Nearly 50,000 Americans are diagnosed with mouth or throat cancer every single year, so we should all learn the telltale signs and symptoms. The most common symptoms are lumps, sores, and persistent pain in the mouth, but there are lots of other indicators we should never ignore. Oral cancer is any cancer that involves the mouth, lips, gums, and tongue. It is often associated with throat cancer, since the disease can start in either spot and spread easily to the other. Since anyone can get mouth cancer, we all need to remember the signs so we can identify the onset of cancer symptoms. People who smoke or use tobacco products are at a higher risk, but this type of cancer can strike anyone, even if they have never chewed tobacco in their life.
Sign #1: Sores On/In Your Mouth
Sores in your mouth that might be cancerous are usually flat, painless patches in the inside flesh of the mouth. They may be white or red, according to Cancer Treatment Centers of America. Be careful not to confuse these scarier sores with extremely common ailments like canker ulcers and cold sores. Cold sores and canker sores are usually painful or tingly, and often develop a “head” of some kind in the center. Potentially cancerous sores may not hurt, but they might bleed without warning or explanation. Any sore that lasts more than three weeks warrants a doctor’s opinion.
Sign #2: Lumps And Thick Patches
Lumps and thick patches of skin inside the mouth might indicate that mouth cancer is developing. You might be able to feel these changes with your tongue. They might feel like bubbles and ridges, or a bit like calluses. Thickening is especially common in the inside of the cheek, according to Ken Beadling Dentistry.
Sign #3: Loose Teeth
Loose teeth are never a good sign in adulthood, and might help warn you of a cancer developing. If you feel like your teeth are jiggly, you need to get a medical opinion right away. There are lots of reasons your teeth might feel loose, but only a medical professional can determine if cancer is the cause.

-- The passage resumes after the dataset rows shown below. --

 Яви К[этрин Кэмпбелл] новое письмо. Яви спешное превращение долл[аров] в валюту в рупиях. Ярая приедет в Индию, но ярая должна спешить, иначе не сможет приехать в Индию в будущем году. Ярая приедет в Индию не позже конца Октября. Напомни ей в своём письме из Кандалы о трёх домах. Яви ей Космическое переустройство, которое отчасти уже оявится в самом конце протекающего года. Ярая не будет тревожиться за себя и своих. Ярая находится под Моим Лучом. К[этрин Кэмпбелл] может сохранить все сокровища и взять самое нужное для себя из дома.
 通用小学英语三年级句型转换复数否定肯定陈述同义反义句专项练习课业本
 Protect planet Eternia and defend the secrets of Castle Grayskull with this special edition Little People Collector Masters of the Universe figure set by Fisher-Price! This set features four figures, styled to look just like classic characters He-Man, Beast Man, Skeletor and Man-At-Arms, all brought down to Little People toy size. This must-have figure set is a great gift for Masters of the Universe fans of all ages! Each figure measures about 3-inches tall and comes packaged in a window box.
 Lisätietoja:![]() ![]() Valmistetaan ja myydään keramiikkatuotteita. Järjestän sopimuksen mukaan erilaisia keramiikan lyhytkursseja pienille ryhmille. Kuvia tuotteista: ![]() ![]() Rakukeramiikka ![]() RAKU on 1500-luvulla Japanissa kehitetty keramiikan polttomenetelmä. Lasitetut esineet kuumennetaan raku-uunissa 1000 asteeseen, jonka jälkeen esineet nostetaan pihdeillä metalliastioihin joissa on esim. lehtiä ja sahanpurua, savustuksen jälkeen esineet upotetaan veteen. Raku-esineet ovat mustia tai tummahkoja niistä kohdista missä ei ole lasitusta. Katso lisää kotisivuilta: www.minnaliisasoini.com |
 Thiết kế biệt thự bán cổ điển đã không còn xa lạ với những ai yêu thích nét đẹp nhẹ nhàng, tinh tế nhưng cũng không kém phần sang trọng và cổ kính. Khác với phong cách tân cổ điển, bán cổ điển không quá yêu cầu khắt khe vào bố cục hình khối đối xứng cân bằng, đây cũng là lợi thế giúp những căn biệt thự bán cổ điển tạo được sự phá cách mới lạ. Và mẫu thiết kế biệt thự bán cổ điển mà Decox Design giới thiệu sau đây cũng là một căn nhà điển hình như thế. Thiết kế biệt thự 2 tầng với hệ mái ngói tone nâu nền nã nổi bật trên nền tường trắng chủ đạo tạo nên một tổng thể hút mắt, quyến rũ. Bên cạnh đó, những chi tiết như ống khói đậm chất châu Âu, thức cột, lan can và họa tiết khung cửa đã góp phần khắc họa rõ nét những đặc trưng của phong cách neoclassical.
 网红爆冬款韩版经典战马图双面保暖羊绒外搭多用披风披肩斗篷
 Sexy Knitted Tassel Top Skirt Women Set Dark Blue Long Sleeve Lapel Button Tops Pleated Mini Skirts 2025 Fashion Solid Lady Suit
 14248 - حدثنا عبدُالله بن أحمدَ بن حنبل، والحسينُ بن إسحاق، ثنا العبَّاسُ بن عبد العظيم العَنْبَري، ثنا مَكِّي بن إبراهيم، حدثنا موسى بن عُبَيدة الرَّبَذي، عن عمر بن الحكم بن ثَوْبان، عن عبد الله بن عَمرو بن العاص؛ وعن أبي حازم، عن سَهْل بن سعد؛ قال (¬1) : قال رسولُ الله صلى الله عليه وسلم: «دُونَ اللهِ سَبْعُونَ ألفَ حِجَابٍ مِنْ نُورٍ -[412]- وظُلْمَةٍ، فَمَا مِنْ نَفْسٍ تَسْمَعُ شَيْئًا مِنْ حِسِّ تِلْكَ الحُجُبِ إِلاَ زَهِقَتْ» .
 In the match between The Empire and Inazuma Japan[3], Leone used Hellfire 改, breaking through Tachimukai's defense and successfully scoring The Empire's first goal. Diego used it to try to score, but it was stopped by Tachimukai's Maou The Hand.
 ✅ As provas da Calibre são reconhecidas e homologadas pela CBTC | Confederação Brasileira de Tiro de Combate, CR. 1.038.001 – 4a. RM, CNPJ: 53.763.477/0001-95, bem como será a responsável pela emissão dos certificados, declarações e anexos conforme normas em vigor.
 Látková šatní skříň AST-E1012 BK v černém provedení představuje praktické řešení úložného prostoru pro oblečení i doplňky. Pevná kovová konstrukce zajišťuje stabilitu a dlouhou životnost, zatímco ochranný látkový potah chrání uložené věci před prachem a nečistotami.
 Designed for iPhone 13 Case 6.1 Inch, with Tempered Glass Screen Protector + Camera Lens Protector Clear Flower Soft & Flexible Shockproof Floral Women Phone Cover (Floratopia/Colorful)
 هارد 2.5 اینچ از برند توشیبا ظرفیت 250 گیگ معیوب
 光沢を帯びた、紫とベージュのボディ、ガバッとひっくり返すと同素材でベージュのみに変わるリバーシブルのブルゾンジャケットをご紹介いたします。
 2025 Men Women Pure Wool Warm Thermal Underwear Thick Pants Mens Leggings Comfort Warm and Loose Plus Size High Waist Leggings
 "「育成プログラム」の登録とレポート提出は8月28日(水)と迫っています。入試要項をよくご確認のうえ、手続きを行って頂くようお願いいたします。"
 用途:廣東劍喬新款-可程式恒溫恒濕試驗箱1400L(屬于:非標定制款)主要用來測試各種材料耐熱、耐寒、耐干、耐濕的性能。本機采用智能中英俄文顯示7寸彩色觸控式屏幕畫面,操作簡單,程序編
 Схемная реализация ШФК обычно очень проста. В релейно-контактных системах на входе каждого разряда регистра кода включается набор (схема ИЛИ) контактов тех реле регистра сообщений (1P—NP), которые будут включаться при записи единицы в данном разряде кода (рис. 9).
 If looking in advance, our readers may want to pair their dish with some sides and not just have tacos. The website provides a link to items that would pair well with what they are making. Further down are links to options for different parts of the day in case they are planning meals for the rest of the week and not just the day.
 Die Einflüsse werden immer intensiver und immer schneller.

Sign #4: Lump In Your Throat
A lump in your throat, which is sometimes called a “globus sensation,” is the feeling of having something trapped that you just can’t swallow. You may even find that swallowing itself becomes difficult. It’s a very common symptom, and usually nothing to worry about, but you should check with your doctor if you feel like you cannot swallow, if you can actually feel or see a lump in your mouth or throat, or if you’re finding that food and liquids are coming back up. In these cases, there might be a real mass blocking your throat, not just the sensation of one.
Sign #5: Pain In One Ear
Pain in your ears might just be a surprising symptom of cancer developing in your mouth. That’s because the ears are actually very closely linked to the mouth and throat, and it’s very common for pain to refer back through the ears if there’s a problem in the mouth cavity. According to Men’s Health, the nerve that communicates with the back of the tongue also communicates with the ears, which is why your ears might pick up on the pain first.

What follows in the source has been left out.